# Sherry's Paylake



## catfisherbrad (Mar 9, 2006)

Was wondering if any one goes to sherry's paylake often?

ive been couple times, matter of fact im going tonight, havnt caught anythign huge, but firend caught 42 lb. on night crawler lol

well was wondering if any one had any luck, its a fun time


----------



## Fun-Outdoors (Feb 16, 2006)

Haven't been there. Where is it?


----------



## angelus40 (Aug 13, 2005)

here's the info

Sherry's Fishing Lake
513-797-5300
2155 Slade Rd
Batavia, OH 45103


----------



## ChrisB (May 13, 2004)

That is the smallest pond I've ever seen!!!!!! It's the size of a swimming pool.


----------



## catfisherbrad (Mar 9, 2006)

ugh, i had no luck, stayed through a strom then had the whole lake to ourselves.

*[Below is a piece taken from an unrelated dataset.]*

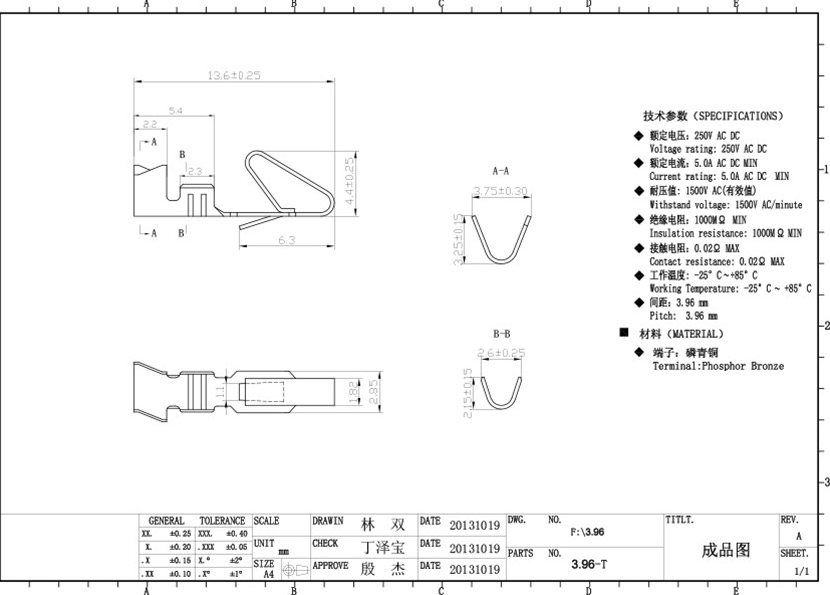 絕緣體材質(zhì):尼龍PA66 UL94V-0(2)

the fish are bitting on live blue gill, i had no luck , missed on fish, my fault-- drag set wrong  

going all night fishing at east fork for catfish  on saturday


----------



## snifer (Mar 26, 2005)

i always get my bait there before heading to eastfork. never fished it but seen some huge cats caught there.it is alot cleaner than some pay lakes ive seen and the people ive met there are super nice. just my two cents.


----------



## catfisherbrad (Mar 9, 2006)

snifer your totoally right man, super clean, and its also 3.9 million gallons of water, still little small, trust me , they have some huge cats!! fun time

that is where me and my dad get bait also, minnows usually, but everyone should fish there, super nice people-- fun time


----------



## catfisherbrad (Mar 9, 2006)

once again no luck, friend caught 2 (10lb) or so flats. We had dead blue gill, dead shad ( there is no live shad what so ever) and even live/some dead chubs and blue gills, slow night

biggest all night was 28lb flathead caught about 5:57am, jack pot was over at 6:00am, closest i had ever saw in my life. Well i will set out again maybe this weekend, i will try trolling some more, wish me good luck, i will need it


----------